**WHAT TO PRODUCE**
The copy must hold exactly the lines from the one with "얼음 넣기 - 얼음을" through the end of the listing below, and nothing else, with no pictures.

**GIVEN MATERIAL**
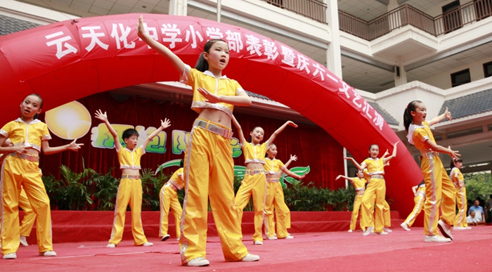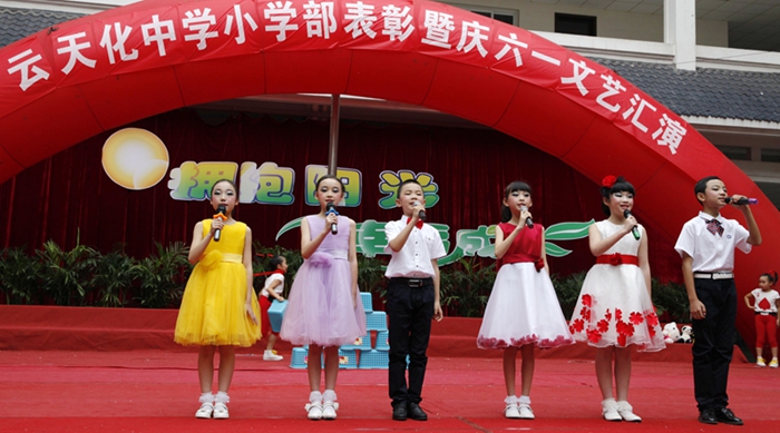 张张笑脸,漾起节日的欢乐;星星火炬,唱响嘹亮的队歌,2015年6月1日,云天化中学小学部迎来了“拥抱阳光,幸福成长”文艺汇演暨颁奖典礼。
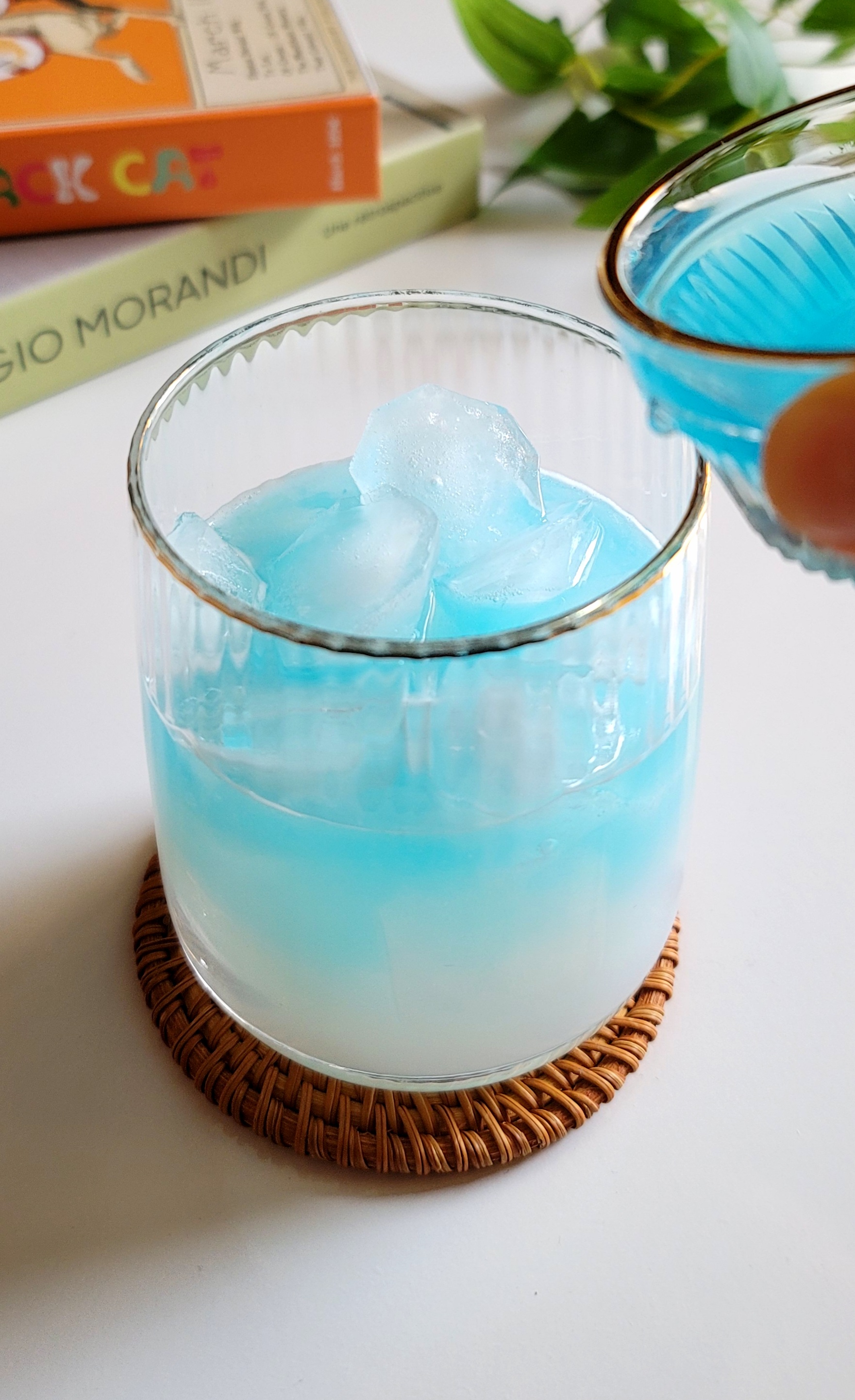 얼음 넣기 - 얼음을 넣고 나서 블루 레몬에이드를 밀키스와 1:1 비율로 넣어주세요. 밀키스와 같은 양 100ml 넣었어요. 여기서 포인트는 블루 레몬에이드를 천천히 부으셔야지 층이 생겨서 예쁜 구름 에이드가 완성이 돼요.
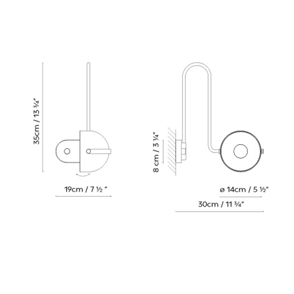 LED wall lamp made with half-sphere shades. Available with either one shade (W1 left and W1 right), both with a switch, or two shades (W2). On all these lamps, the light source can be adjusted on its horizontal axis and gives direct and diffused light. Available in metallic English bronze, black, matte turquoise and matte beige.

**RESPONSE TO THE EXERCISE**
 얼음 넣기 - 얼음을 넣고 나서 블루 레몬에이드를 밀키스와 1:1 비율로 넣어주세요. 밀키스와 같은 양 100ml 넣었어요. 여기서 포인트는 블루 레몬에이드를 천천히 부으셔야지 층이 생겨서 예쁜 구름 에이드가 완성이 돼요.
 LED wall lamp made with half-sphere shades. Available with either one shade (W1 left and W1 right), both with a switch, or two shades (W2). On all these lamps, the light source can be adjusted on its horizontal axis and gives direct and diffused light. Available in metallic English bronze, black, matte turquoise and matte beige.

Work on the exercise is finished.